Get Ready to Hit the Slopes
by Randy Leopando

You don’t have to wait for the snow to start falling to get ready for ski season. Start your training now and you’ll be sailing past those other ski bums on your way down the mountain.

Dusting the competition or showing off to friends are not the only reasons to get in shape before ski season. Skiing is an activity that requires a variety of skills: strength, endurance, balance and coordination. Hit the slopes without developing these skills and you may be in for more than a little embarrassment – you might even hurt yourself.

Sports specific training 

This is where sports-specific training comes in. Generally speaking, sports-specific training programs involve focusing on the various skills associated with a particular activity.  Depending on the sport, this may include health-related fitness components such as cardiovascular endurance, muscular strength and endurance, and flexibility.  A specific program may also take into account skill-related measures of fitness such as agility, balance, coordination, power, speed and reaction time. Most sports require a mixture of these components.

Skiing is a sport that relies heavily on skill-related fitness.
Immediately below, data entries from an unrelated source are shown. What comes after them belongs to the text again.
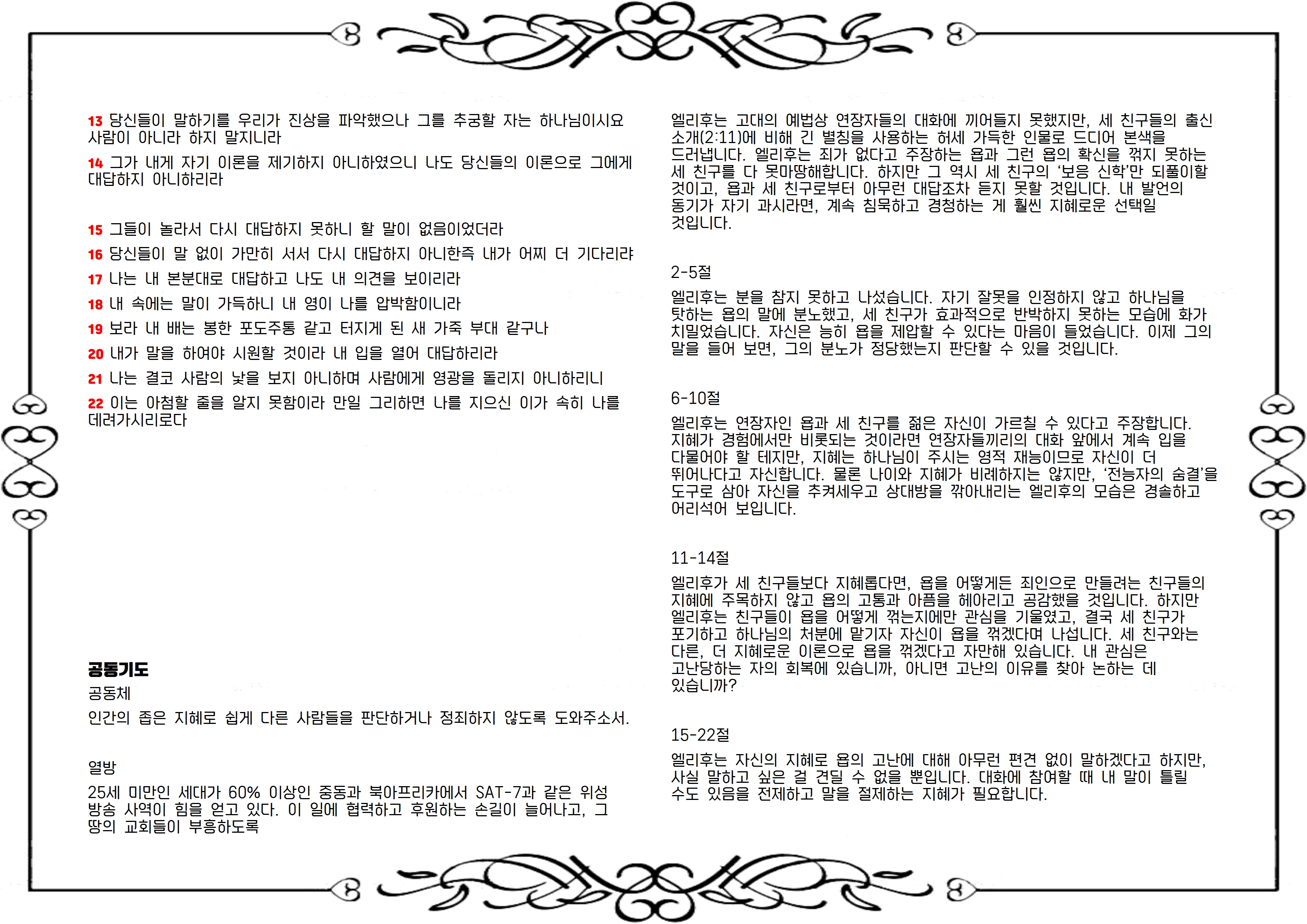 본문 : 욥기(Job)32:1 - 32:22 찬송가 366장
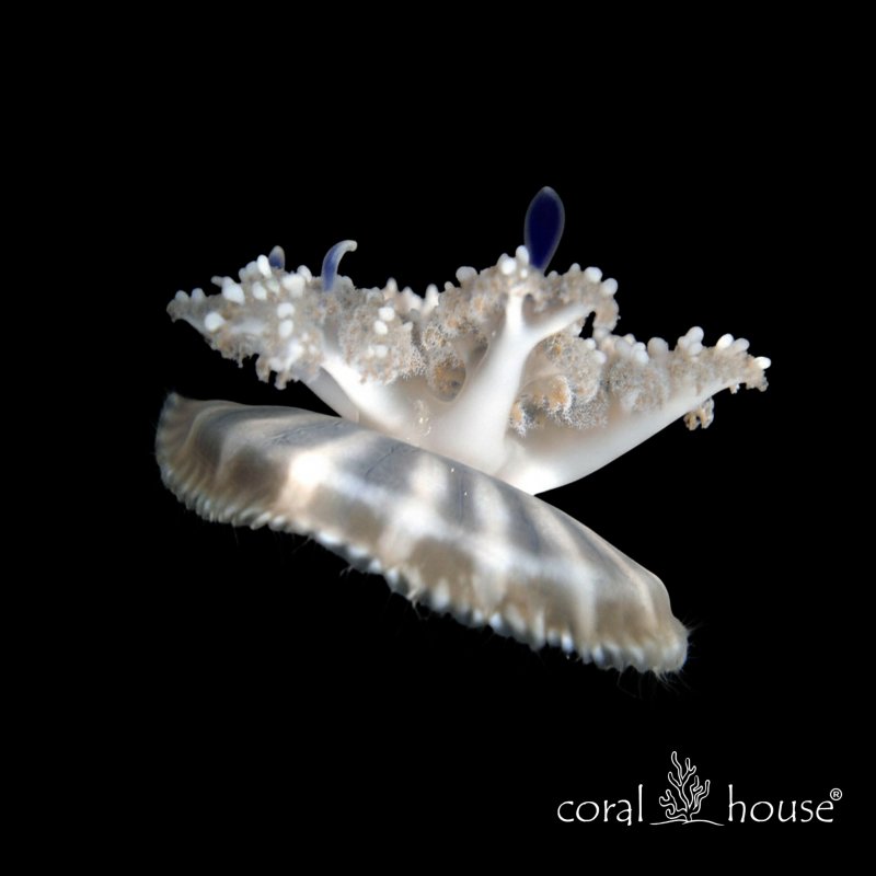 To meduza dla osób, które cenią sobie spokój i fascynującą biologię. Obserwacja miarowego pulsowania Cassiopei na dnie akwarium działa niezwykle relaksująco. Jest to również doskonały wybór na pierwszą meduzę – wybacza drobne wahania parametrów i nie wymaga skomplikowanego ustawiania cyrkulacji wody. Wszystkie nasze osobniki pochodzą z etycznych akwakultur Ocean’s Clouds, co gwarantuje ich zdrowie i witalność.
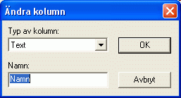 | Text | En textkolumn används för att spara en text med variabel längd. Textkolumner är dom enda kolumner som kan vara tomma. Textkolumner kan sorteras i alfabetisk ordning. |
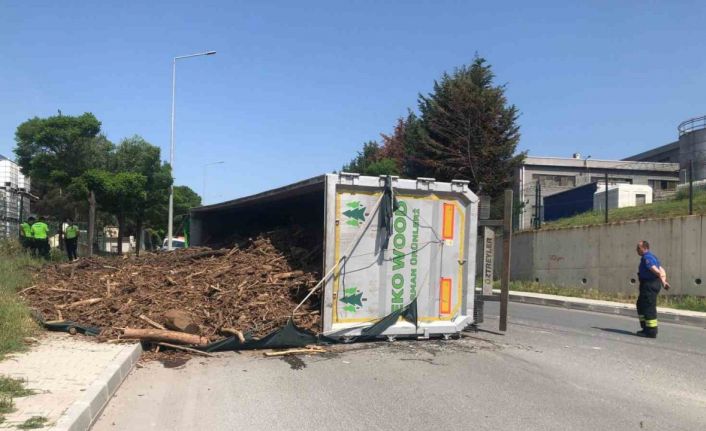 Çerkezköy Organize Sanayi Bölgesi’nde kavşakta hızını alamayan odun talaşı yüklü tırın devrilmesi sonucu 1 kişi yaralandı.

A traditional fitness program, which includes a combination of weight training and cardiovascular exercise, will only take you so far.   A specific training program to develop specific skills for skiing will take you from the peaks to the valleys in record time.

Get ready to ski 

There are several ways to begin a sports-specific training program. The simplest way is to include several new exercises in your regular workout schedule.  For example, performing wall sits that require you to ”sit” against a wall will help build up the isometric strength needed for the tuck position in skiing. Squats and lunges will build lower body strength for skiing tough terrain like moguls.  Exercises such as planks or trunk rotations with the cable to work your abdominals are essential in creating a solid ”core” for balance and agility.  It is important to train your body to withstand and absorb the impact associated with skiing. Plyometric movements, such as hopping from side to side, develop muscle power and strength as well as improve agility.

Set up your own ski circuit 

A great way to integrate these elements into your existing routine is to create a circuit training program, which involves rapidly moving from one exercise to the next, similar to what many NutriFormance trainers are doing with their clients.  A common circuit is 3-4 exercises with a maximum 30 seconds rest in between each exercise.  Your goal is to complete 3 sets for each circuit.    Add some of these exercises to your routine:  lateral hops over a cone for lateral agility; single leg squats for leg strength and balance; planks holds for core strength; squat jumps for leg power and shock absorption; and wall-sits to increase quad isometric strength similar to the tuck position.  One way to really maximize your time is to do a “wall-sit” while you do bicep curls, shoulder presses, or lateral shoulder raises – basically anything you do standing up, do a wall-sit instead!  Good luck this year on the slopes.